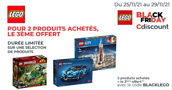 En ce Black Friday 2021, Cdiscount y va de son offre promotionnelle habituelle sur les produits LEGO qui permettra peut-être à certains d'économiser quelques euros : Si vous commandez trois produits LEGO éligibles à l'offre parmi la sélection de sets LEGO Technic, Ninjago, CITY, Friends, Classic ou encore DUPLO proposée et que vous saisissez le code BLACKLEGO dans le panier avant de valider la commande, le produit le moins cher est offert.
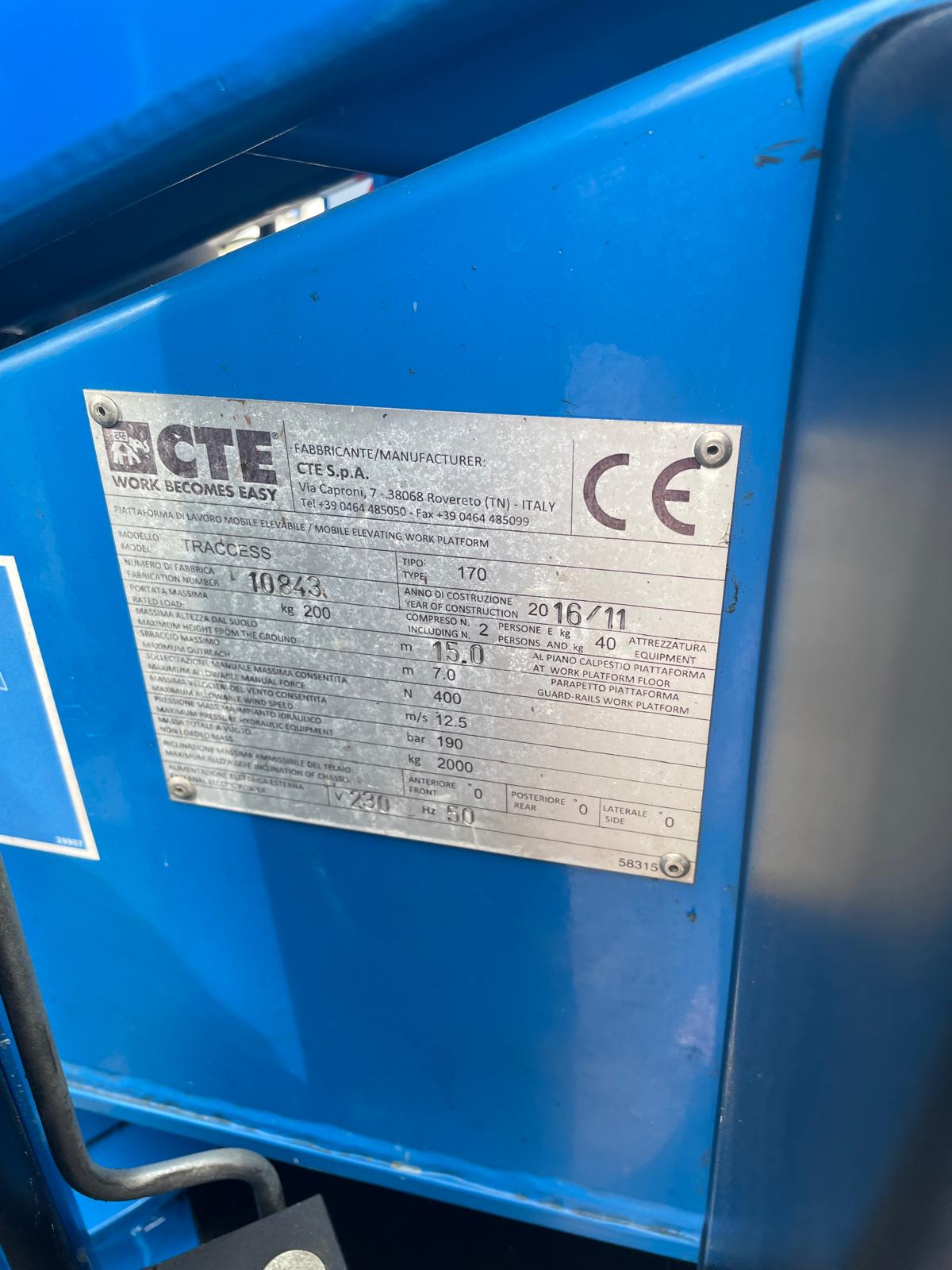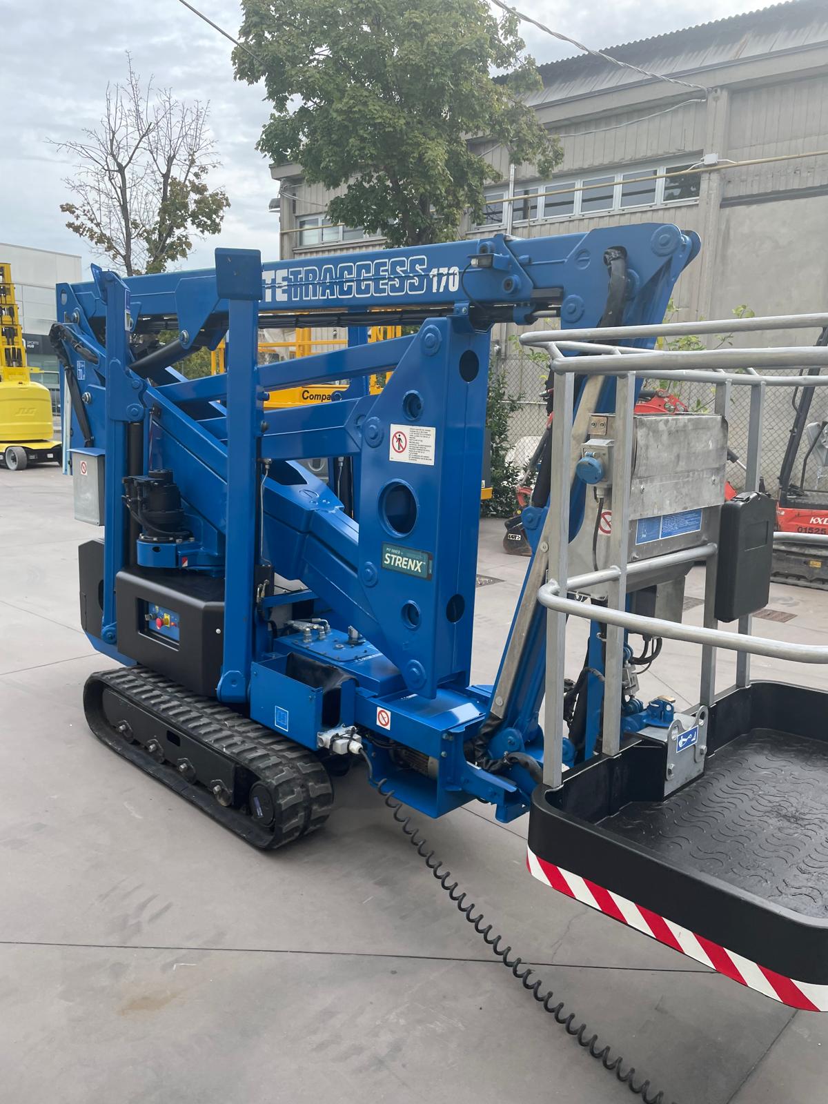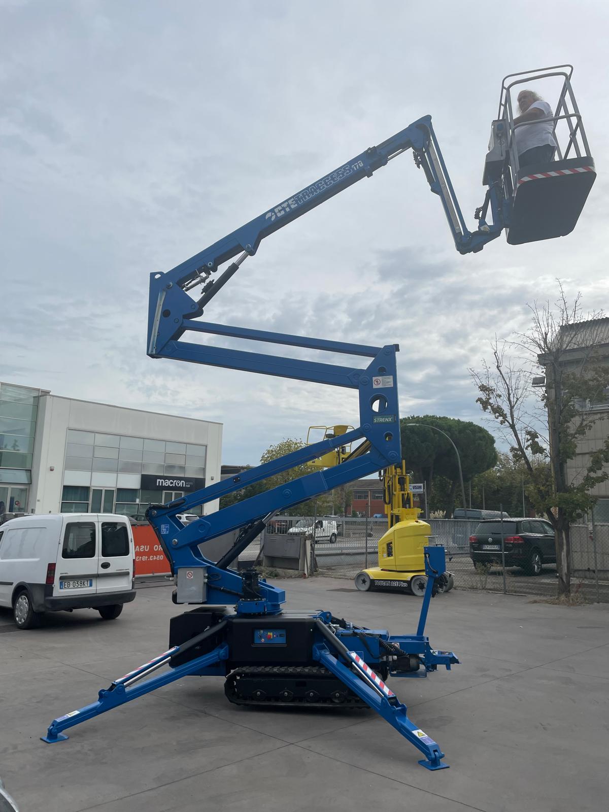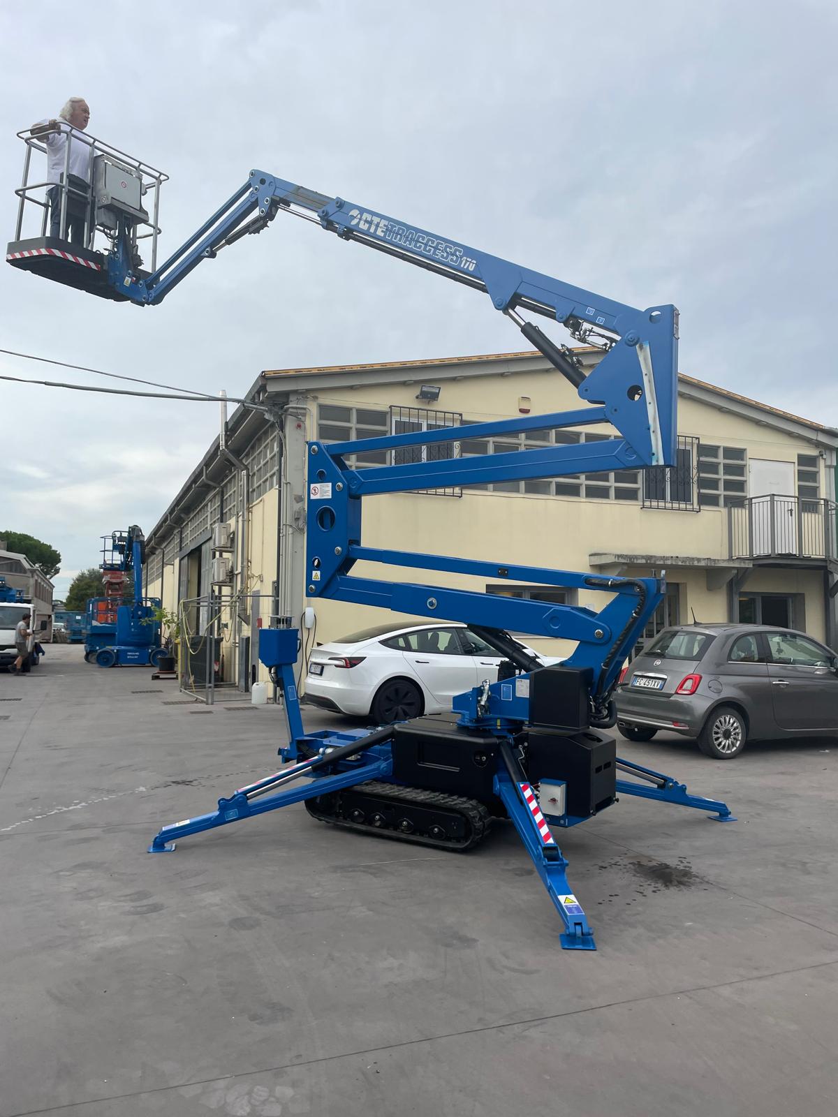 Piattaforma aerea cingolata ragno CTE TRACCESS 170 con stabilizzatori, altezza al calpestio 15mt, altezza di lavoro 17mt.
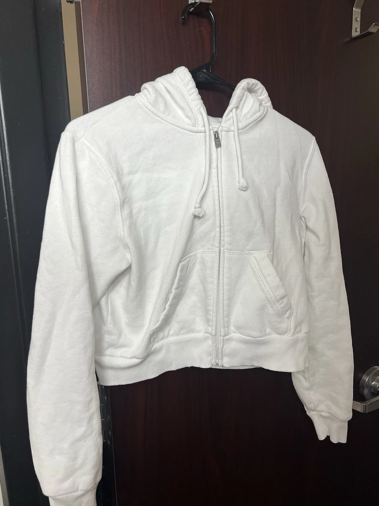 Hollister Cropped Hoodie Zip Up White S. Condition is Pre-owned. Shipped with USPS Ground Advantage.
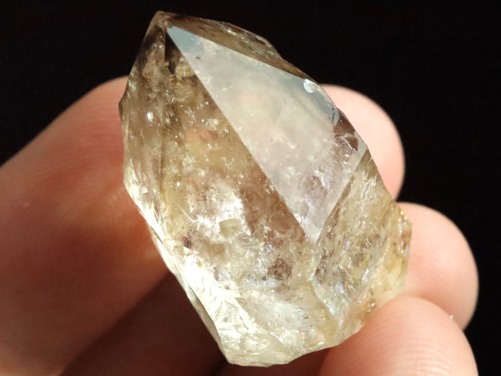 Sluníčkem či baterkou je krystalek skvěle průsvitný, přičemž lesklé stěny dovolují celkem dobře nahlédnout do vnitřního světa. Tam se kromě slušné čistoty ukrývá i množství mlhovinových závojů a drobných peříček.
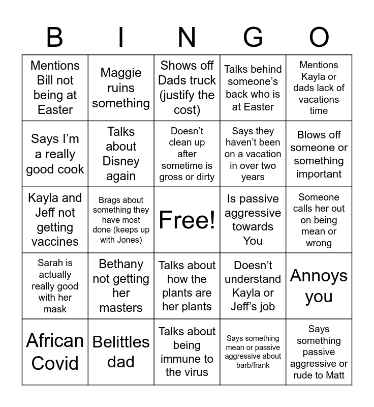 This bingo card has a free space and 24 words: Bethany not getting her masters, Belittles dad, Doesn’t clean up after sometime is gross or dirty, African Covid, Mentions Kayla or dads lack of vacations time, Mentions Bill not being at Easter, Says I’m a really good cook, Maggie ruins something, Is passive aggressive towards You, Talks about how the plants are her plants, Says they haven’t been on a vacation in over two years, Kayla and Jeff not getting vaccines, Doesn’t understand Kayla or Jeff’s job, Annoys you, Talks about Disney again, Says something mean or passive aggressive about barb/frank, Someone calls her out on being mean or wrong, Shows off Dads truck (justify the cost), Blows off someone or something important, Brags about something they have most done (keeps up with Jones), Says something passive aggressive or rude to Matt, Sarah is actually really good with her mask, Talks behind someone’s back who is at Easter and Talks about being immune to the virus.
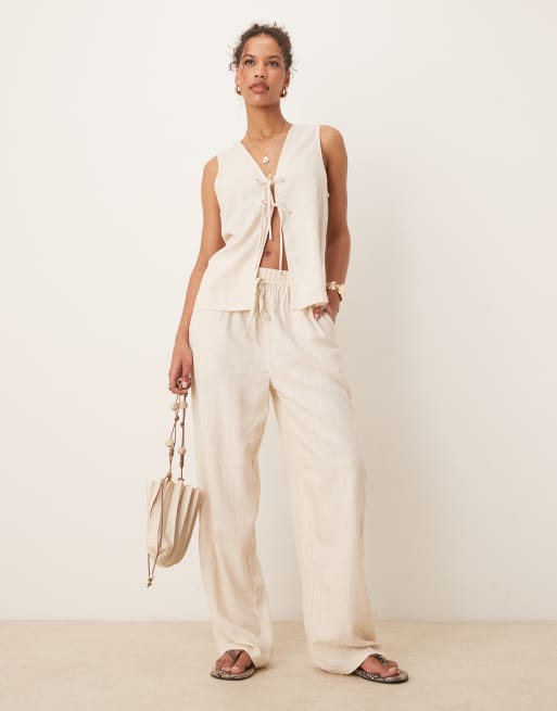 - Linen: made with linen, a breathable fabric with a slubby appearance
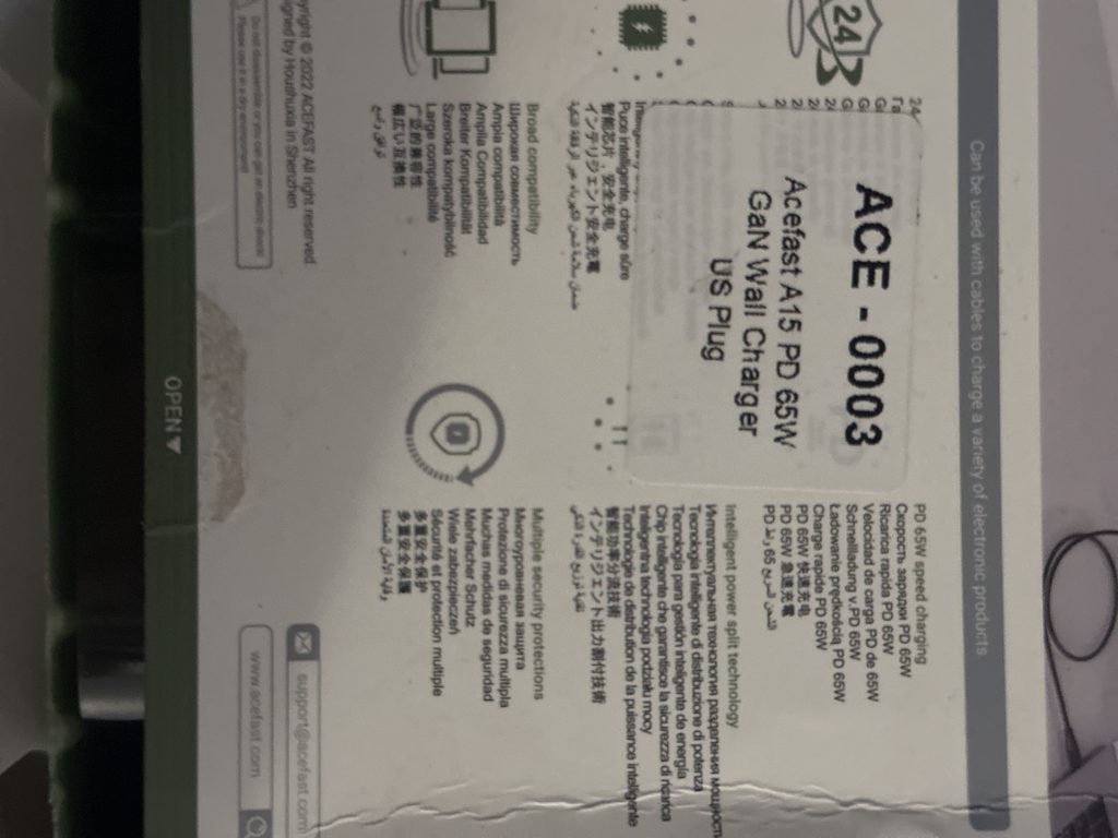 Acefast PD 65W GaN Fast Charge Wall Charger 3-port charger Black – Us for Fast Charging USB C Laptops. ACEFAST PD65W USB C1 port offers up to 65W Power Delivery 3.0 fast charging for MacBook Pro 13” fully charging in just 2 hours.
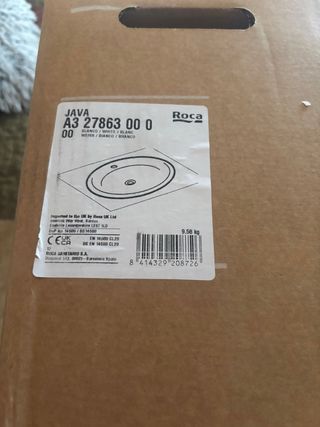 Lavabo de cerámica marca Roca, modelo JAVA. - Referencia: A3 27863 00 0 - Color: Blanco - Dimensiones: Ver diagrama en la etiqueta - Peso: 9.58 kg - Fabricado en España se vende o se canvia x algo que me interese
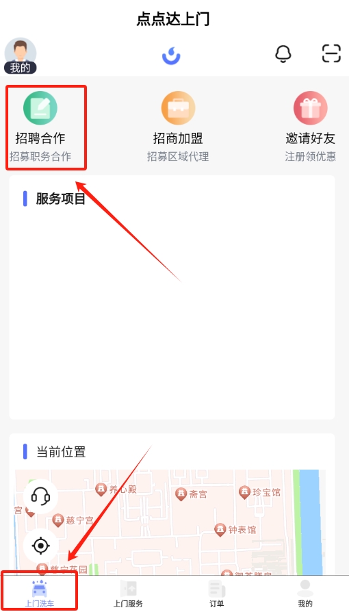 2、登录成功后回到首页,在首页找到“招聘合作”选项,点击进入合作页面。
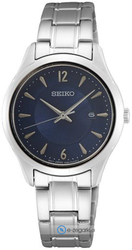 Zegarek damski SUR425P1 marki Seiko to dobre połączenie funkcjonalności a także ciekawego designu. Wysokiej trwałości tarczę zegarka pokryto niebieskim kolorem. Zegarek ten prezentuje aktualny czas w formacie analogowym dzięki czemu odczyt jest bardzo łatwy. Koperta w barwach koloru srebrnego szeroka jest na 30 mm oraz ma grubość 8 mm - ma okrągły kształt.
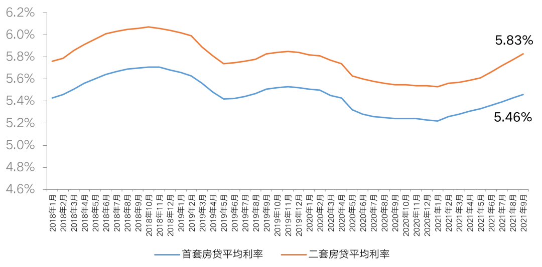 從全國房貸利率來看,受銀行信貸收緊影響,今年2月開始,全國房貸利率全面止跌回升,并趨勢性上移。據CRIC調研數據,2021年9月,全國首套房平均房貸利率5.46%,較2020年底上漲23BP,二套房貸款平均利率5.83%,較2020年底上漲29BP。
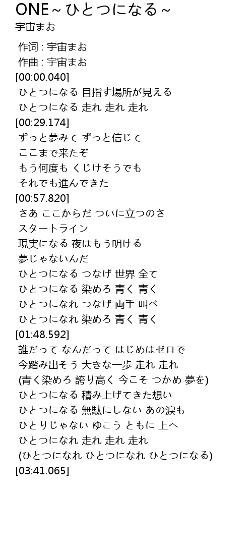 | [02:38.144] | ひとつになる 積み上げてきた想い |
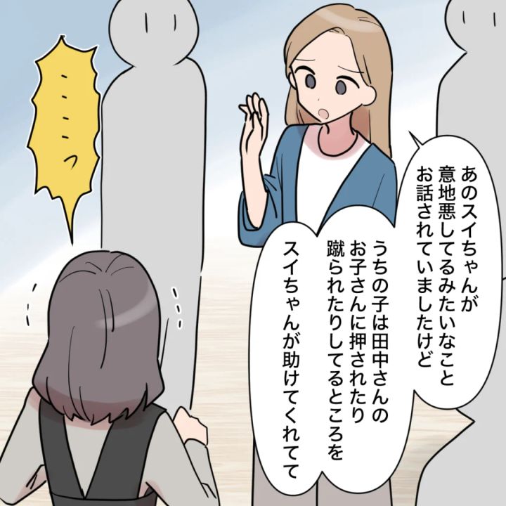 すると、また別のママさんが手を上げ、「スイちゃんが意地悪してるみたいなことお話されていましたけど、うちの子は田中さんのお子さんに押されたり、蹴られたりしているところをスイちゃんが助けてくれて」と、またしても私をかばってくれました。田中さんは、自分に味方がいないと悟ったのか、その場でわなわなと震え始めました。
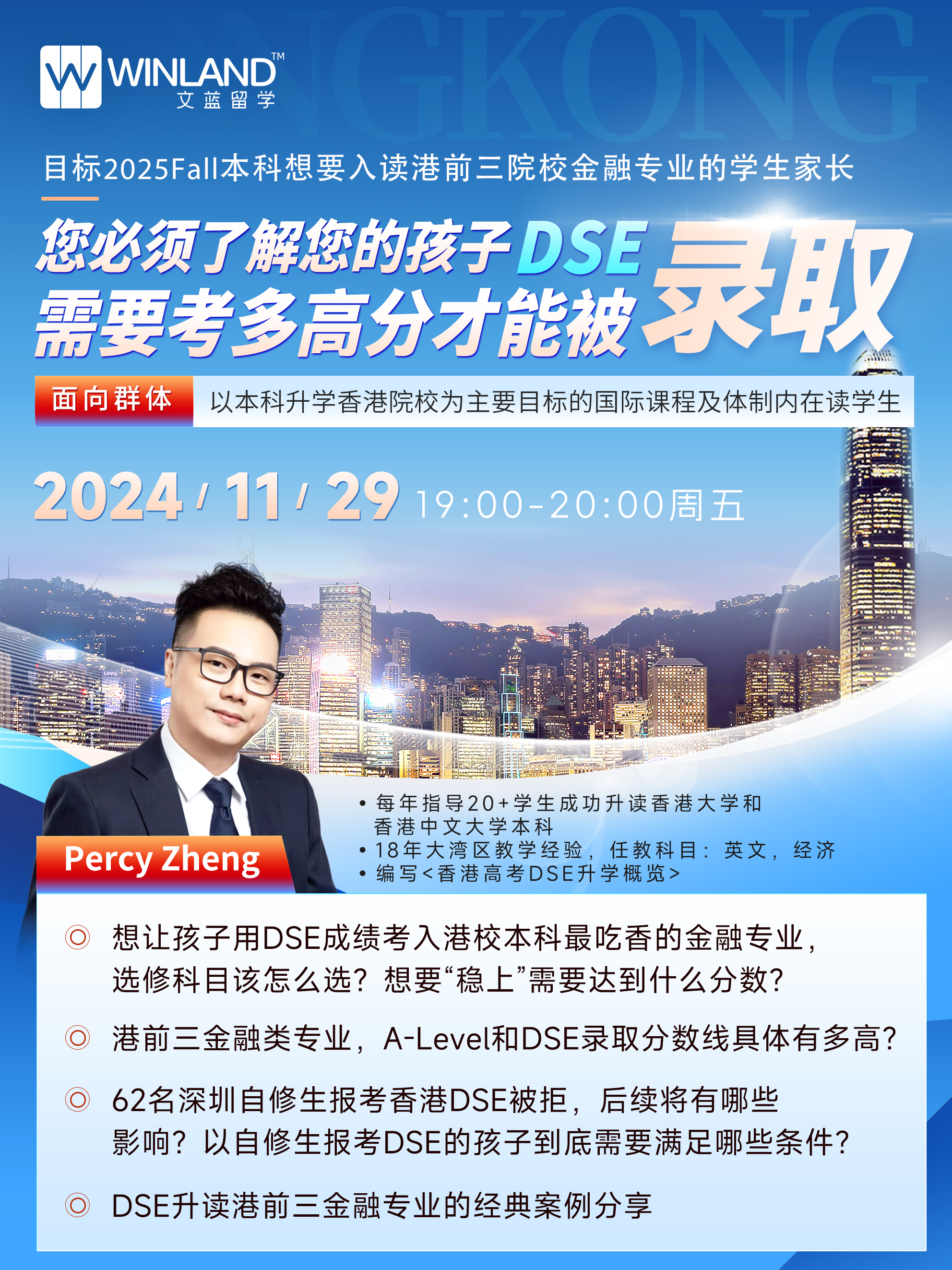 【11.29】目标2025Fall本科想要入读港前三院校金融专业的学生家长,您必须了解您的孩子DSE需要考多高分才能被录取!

*Brief*.
The lines to copy exactly start with the line above that has "Piattaforma aerea cingolata" and go on through the line that has "- Linen: made"; please include both, add nothing else, and omit the pictures.

*The completed task*.
 Piattaforma aerea cingolata ragno CTE TRACCESS 170 con stabilizzatori, altezza al calpestio 15mt, altezza di lavoro 17mt.
 Hollister Cropped Hoodie Zip Up White S. Condition is Pre-owned. Shipped with USPS Ground Advantage.
 Sluníčkem či baterkou je krystalek skvěle průsvitný, přičemž lesklé stěny dovolují celkem dobře nahlédnout do vnitřního světa. Tam se kromě slušné čistoty ukrývá i množství mlhovinových závojů a drobných peříček.
 This bingo card has a free space and 24 words: Bethany not getting her masters, Belittles dad, Doesn’t clean up after sometime is gross or dirty, African Covid, Mentions Kayla or dads lack of vacations time, Mentions Bill not being at Easter, Says I’m a really good cook, Maggie ruins something, Is passive aggressive towards You, Talks about how the plants are her plants, Says they haven’t been on a vacation in over two years, Kayla and Jeff not getting vaccines, Doesn’t understand Kayla or Jeff’s job, Annoys you, Talks about Disney again, Says something mean or passive aggressive about barb/frank, Someone calls her out on being mean or wrong, Shows off Dads truck (justify the cost), Blows off someone or something important, Brags about something they have most done (keeps up with Jones), Says something passive aggressive or rude to Matt, Sarah is actually really good with her mask, Talks behind someone’s back who is at Easter and Talks about being immune to the virus.
 - Linen: made with linen, a breathable fabric with a slubby appearance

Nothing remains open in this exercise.